_Task requirements_: All of the data below should be printed again exactly, pictures excluded.

_Exercise input_:
————————

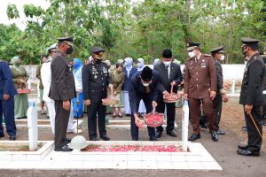 Jelang peringatan HUT ke-76 TNI, ziarah nasional dan tabur bunga di Taman Makam Pahlawan (TMP) digelar di berbagai daerah di Indonesia. Di Kota Cirebon, ziarah nasional dan tabur bunga dilakukan di TMP Kesenden, Senin (4/10/2021). Sebelum ziarah dan tabur bunga, terlebih dahulu digelar upacara yang dipimpin oleh Kepala Staf Korem (Kasrem) 063/SGJ, Letkol (Inf) Heri Rustanto.
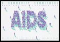 People grouped to form the letters 'AIDS'; advertisement for World AIDS Day, December 1 1992 by the American Association for World Health. Colour lithograph, 1992.
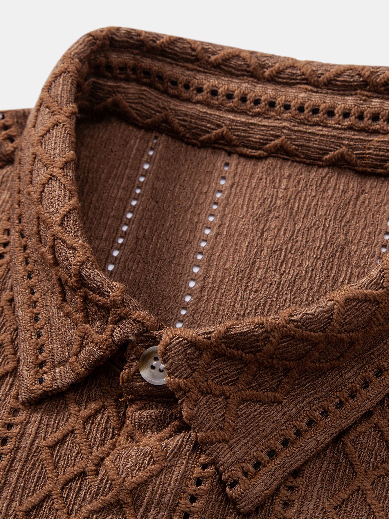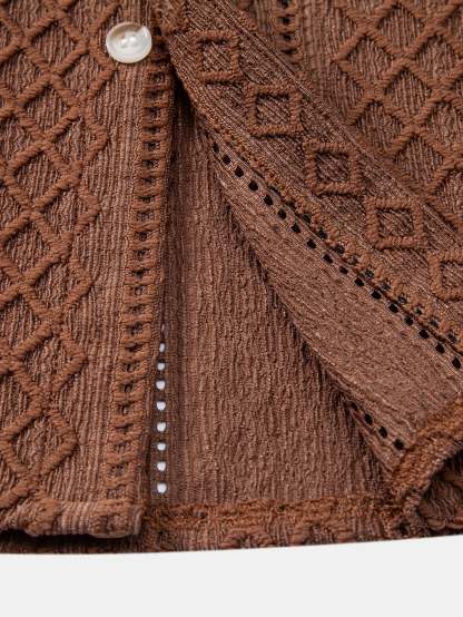 Add structure and edge to your wardrobe with this geometry rhombus jacquard shirt. Featuring a raised geometric pattern woven into the fabric, this shirt combines clean lines with bold texture — perfect for making a subtle yet striking statement.
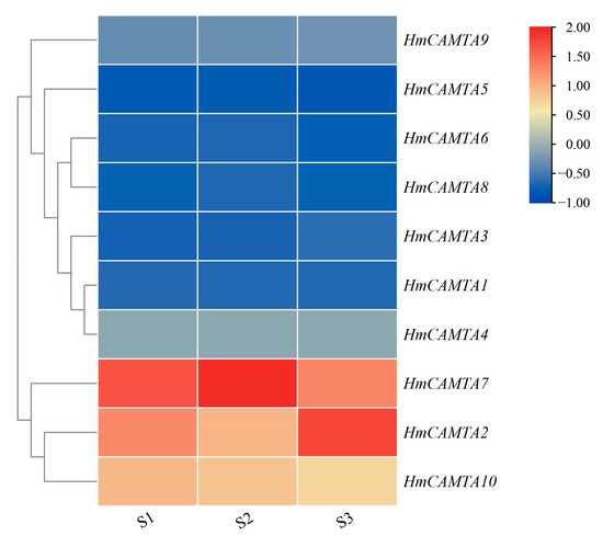 Heatmap expression of HmCAMTA genes under drought stress in transcriptome data (S1): Soil water content ranged from 65% to 75%; (S2): Soil water content ranged from 30% to 45%; (S3): Soil water content ranged from 5% to 15%. After homogenization, the value of expression appears in the heatmap, with red representing high expression and blue representing low expression.
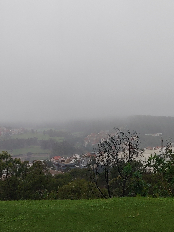 Overcast view from a grassy hill overlooking a town nestled in a valley. Buildings, some with red roofs, are partially obscured by heavy fog. Trees and vegetation are visible in the foreground and middle ground. A bare tree stands out in the foreground, with green foliage to the right. The sky is a solid gray, adding to the overall atmospheric and obscured scene.
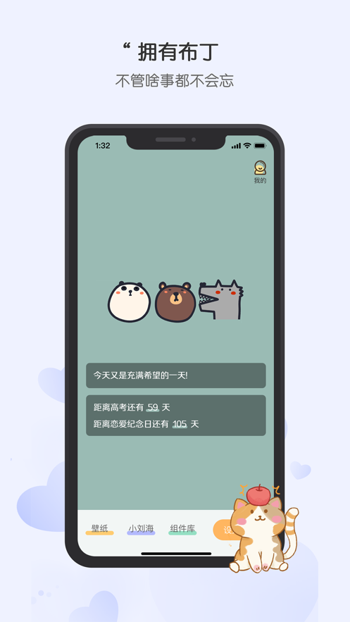 布丁锁屏: 是一款非常可爱治愈的锁屏壁纸更换软件,使用布丁锁屏你可以找到海量优质锁屏壁纸,还可以在你的锁屏上加入易考单词以及每日毒鸡汤功能,让你每天看着锁屏就能有新收获,还有着加入注意事项的贴心功能,提醒你不忘记重要事件,赶快来下载布丁锁屏安卓app吧。
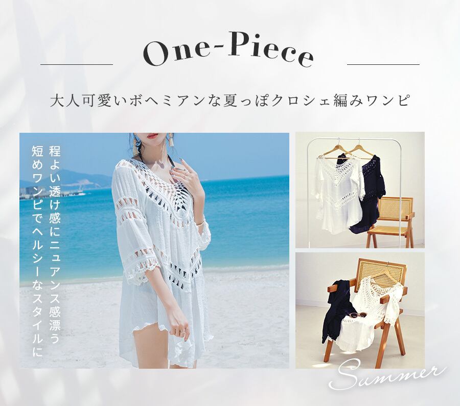 大人可愛いボヘミアンな夏っぽクロシェ編みワンピ
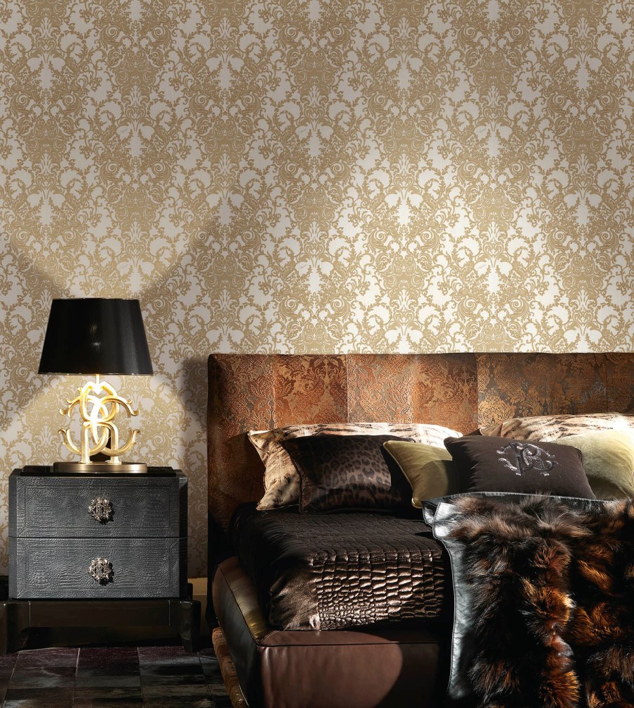 Los «animal print» son atemporales, y siempre están de moda. Son papeles pintados que van perfectos a todos los estilos de dormitorio. Hay de muy bonitos con texturas y colores que resultan muy elegantes, como éste, también de Roberto Cavalli.
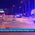 (现场图片Global News提供)据Global News报道,卑诗省Pitt Meadows在8月17日星期四凌晨2时30分前发生致命车祸,一部汽车翻侧,一人死亡。未知意外原因,但警方在事后要关闭Pitt River桥西行线多个小时,界乎Harris Road至Pitt River桥的Lougheed公路西行线也同时封锁。驾驶人士一度要使用Golden Ears桥,一号公路和Port Mann桥。V06
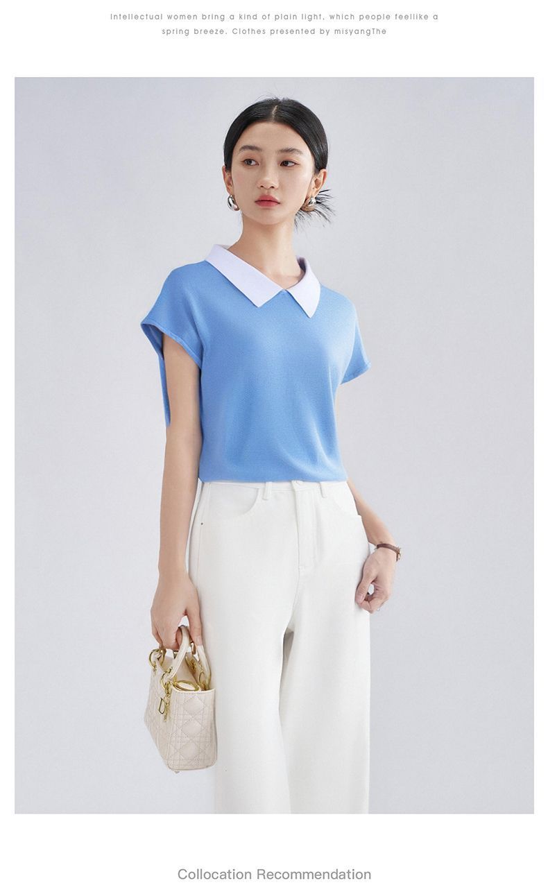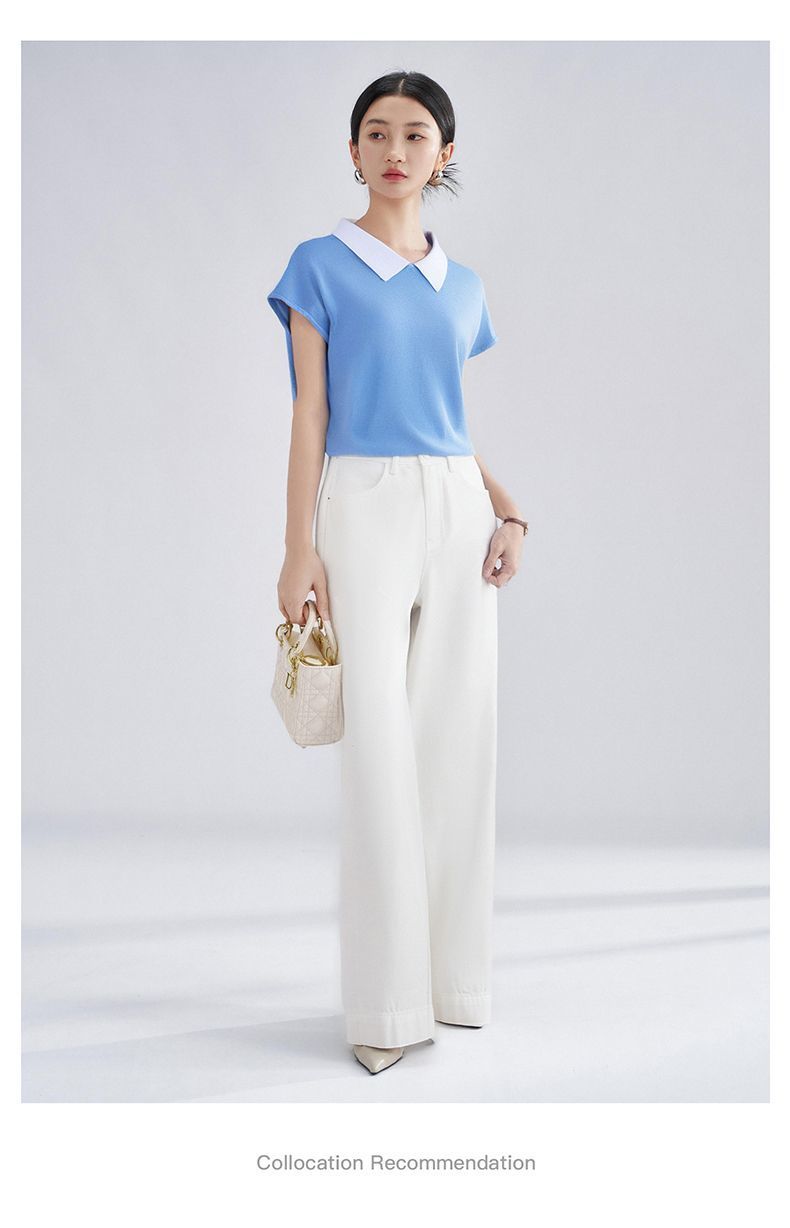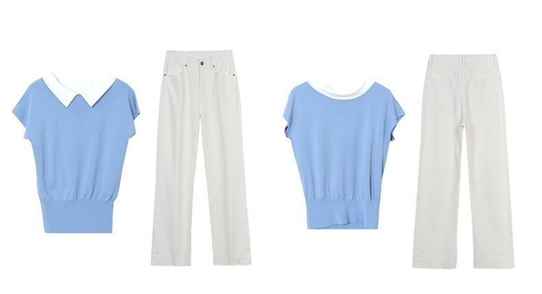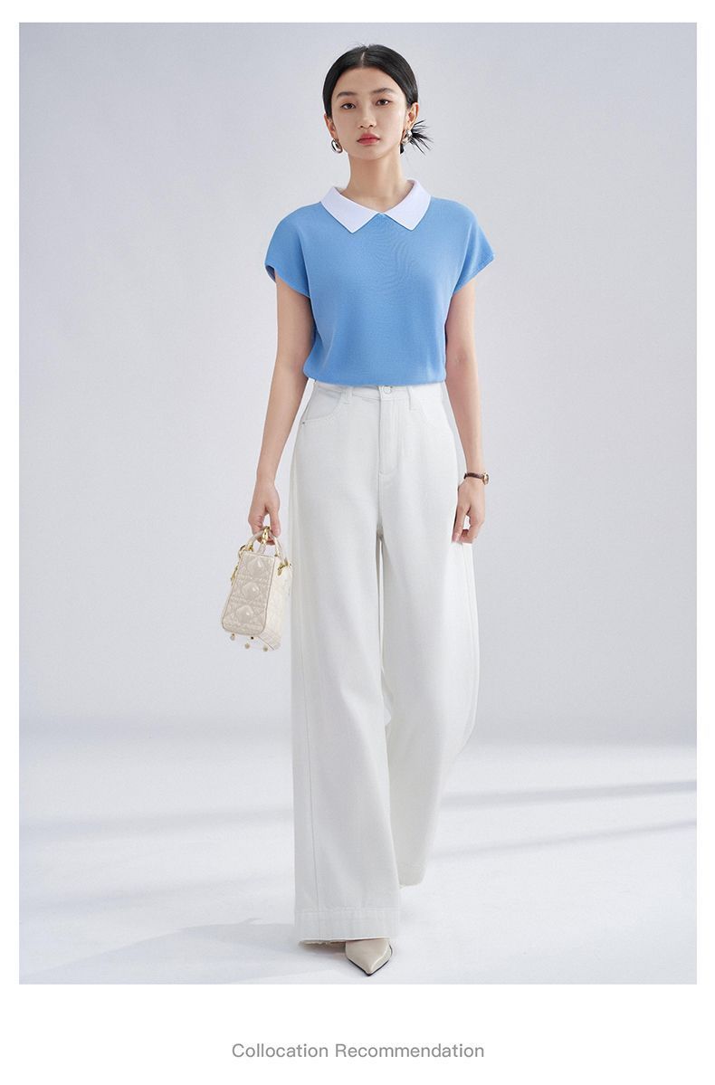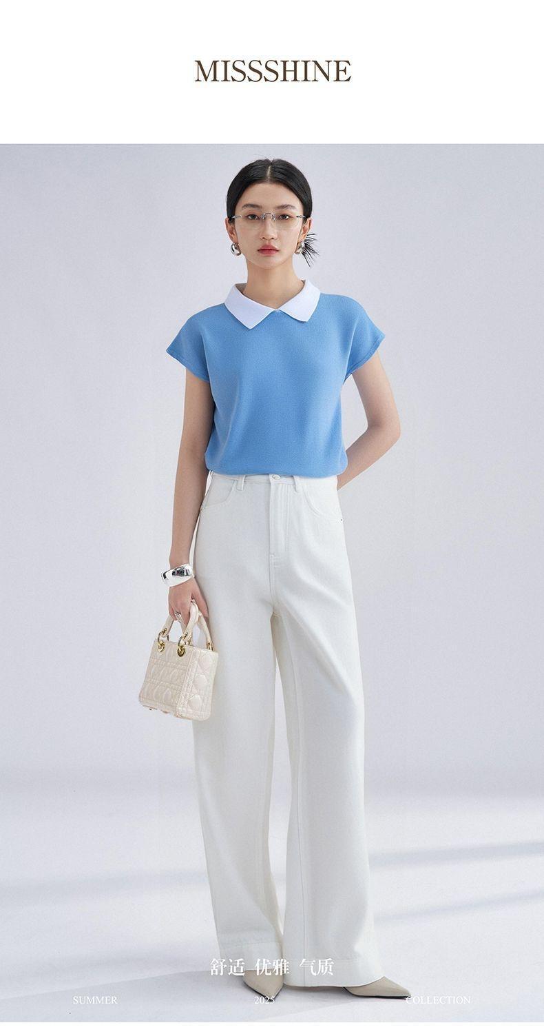 米思阳新款撞色娃娃针织T恤阔腿垂感休闲裤两件套女5Z25BG4074

————————

_Answer to this task_:
 Jelang peringatan HUT ke-76 TNI, ziarah nasional dan tabur bunga di Taman Makam Pahlawan (TMP) digelar di berbagai daerah di Indonesia. Di Kota Cirebon, ziarah nasional dan tabur bunga dilakukan di TMP Kesenden, Senin (4/10/2021). Sebelum ziarah dan tabur bunga, terlebih dahulu digelar upacara yang dipimpin oleh Kepala Staf Korem (Kasrem) 063/SGJ, Letkol (Inf) Heri Rustanto.
 People grouped to form the letters 'AIDS'; advertisement for World AIDS Day, December 1 1992 by the American Association for World Health. Colour lithograph, 1992.
 Add structure and edge to your wardrobe with this geometry rhombus jacquard shirt. Featuring a raised geometric pattern woven into the fabric, this shirt combines clean lines with bold texture — perfect for making a subtle yet striking statement.
 Heatmap expression of HmCAMTA genes under drought stress in transcriptome data (S1): Soil water content ranged from 65% to 75%; (S2): Soil water content ranged from 30% to 45%; (S3): Soil water content ranged from 5% to 15%. After homogenization, the value of expression appears in the heatmap, with red representing high expression and blue representing low expression.
 Overcast view from a grassy hill overlooking a town nestled in a valley. Buildings, some with red roofs, are partially obscured by heavy fog. Trees and vegetation are visible in the foreground and middle ground. A bare tree stands out in the foreground, with green foliage to the right. The sky is a solid gray, adding to the overall atmospheric and obscured scene.
 布丁锁屏: 是一款非常可爱治愈的锁屏壁纸更换软件,使用布丁锁屏你可以找到海量优质锁屏壁纸,还可以在你的锁屏上加入易考单词以及每日毒鸡汤功能,让你每天看着锁屏就能有新收获,还有着加入注意事项的贴心功能,提醒你不忘记重要事件,赶快来下载布丁锁屏安卓app吧。
 大人可愛いボヘミアンな夏っぽクロシェ編みワンピ
 Los «animal print» son atemporales, y siempre están de moda. Son papeles pintados que van perfectos a todos los estilos de dormitorio. Hay de muy bonitos con texturas y colores que resultan muy elegantes, como éste, también de Roberto Cavalli.
 (现场图片Global News提供)据Global News报道,卑诗省Pitt Meadows在8月17日星期四凌晨2时30分前发生致命车祸,一部汽车翻侧,一人死亡。未知意外原因,但警方在事后要关闭Pitt River桥西行线多个小时,界乎Harris Road至Pitt River桥的Lougheed公路西行线也同时封锁。驾驶人士一度要使用Golden Ears桥,一号公路和Port Mann桥。V06
 米思阳新款撞色娃娃针织T恤阔腿垂感休闲裤两件套女5Z25BG4074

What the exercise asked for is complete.